The Lack of Presence

If a company is not on Glassdoor because they’re a small company you should be able to find a legitimate social media presence. How many “likes” do they have on Facebook? If they are on LinkedIn how many people are following the company? How long does it say they’ve been in business? How many employees work for the company?

The Details

But, what if the company IS real but the company HAS ALSO been scammed. This happens as well. A scammer can use the logos and links from a company website and create their own application for you to review. How can you spot this? Are the logos on the documents you’ve received very low quality, stretched weird, or dropped into a .doc? This may be a sign they have copied content from an authentic company to make a fake application. Also, is the application asking you some personal, deeply personal contact details? For example, do they need your social security number or bank account information to proceed? These are major red flags that you should report immediately.

The Email

Let’s look at the communication between the hiring manager and you. Is it exclusively over email, text, or chat? Do they want you to download software to communicate with them? Do they have an email address that is at a Gmail or Yahoo and not a company domain email? If you are unable to have an introductory phone call or video interview, this is not normal for a job hiring process.Do some research on the name of the hiring manager.

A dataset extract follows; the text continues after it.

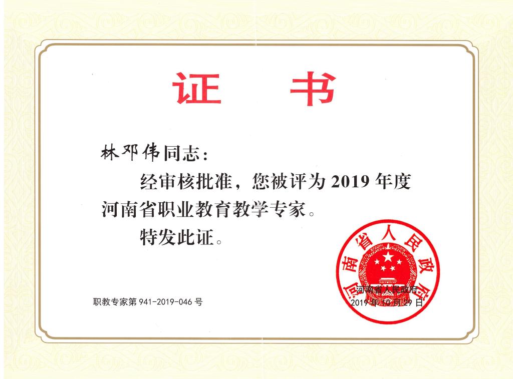 河南省職業教育教學專家是河南省人民政府為有突出貢獻的職業教育工作者設立的一種專家名稱,旨在大力發展職業教育,鼓勵長期在職業教育工作中做出突出貢獻的教育工作者,推動全省職業教育師資隊伍建設,每兩年評選一次,每次評選80名左右。本次評選經單位推薦、資格審查、網絡評審、現場答辯、專家評議、結果公示等環節共評選出2019年河南省職業教育教學專家79人,我校李鴻征和林鄧偉教授成功入選。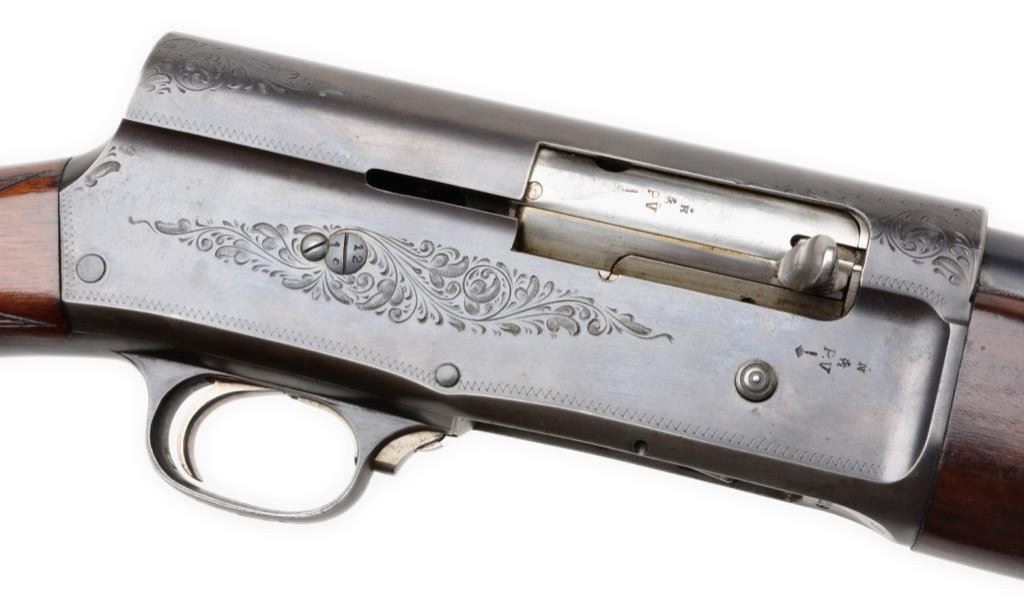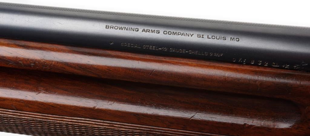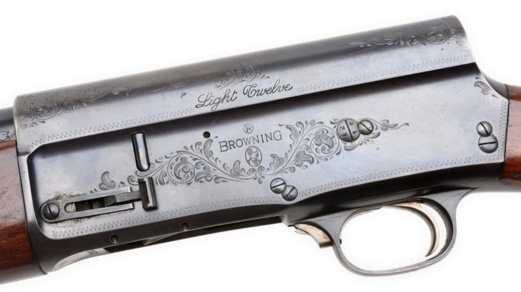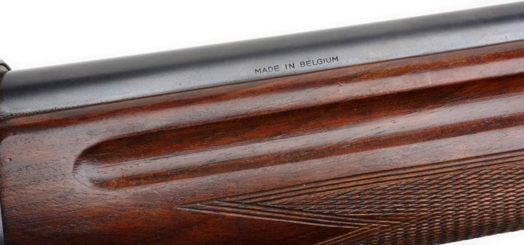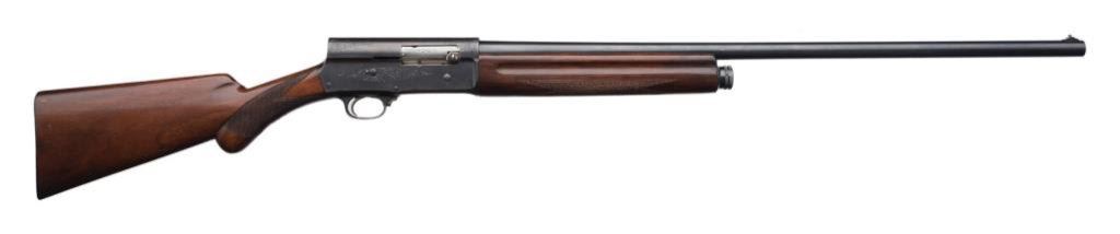 **Belgian-made Browning Light Twelve Model semi-automatic shotgun, 12 gauge, 29.5” barrel, S/N 291219, blued finish, engraved receiver, checkered wood stocks in overall fine condition. This Browning is in overall fine condition showing the majority of its original finish, fine bore, crisp action, sharp markings and near fine wood with only minor old storage mars and scratches. Est.: $600-$900.

Do they have a LinkedIn profile? And not just an account but a legitimate one with photos and connections that are real? Can you google their name and see their position/company anywhere else on the internet? If not, this person is likely not who they say they are.We also highly recommend doing informational interviews when you can. Are there people besides the hiring manager that you can reach out to via LinkedIn or another platform and ask them a few questions about their job?

The Hiring Process

Finally, let’s talk about the actual hiring process. If there is ever mention of sharing a check with you to cash or a wire transfer of money before you even start, this is most definitely a money laundering scheme. You need to report these to the Federal Trade Commission here. Being eager for that first opportunity in a new industry could make you vulnerable. Do your research and trust your gut when applying for a job and being contacted for positions.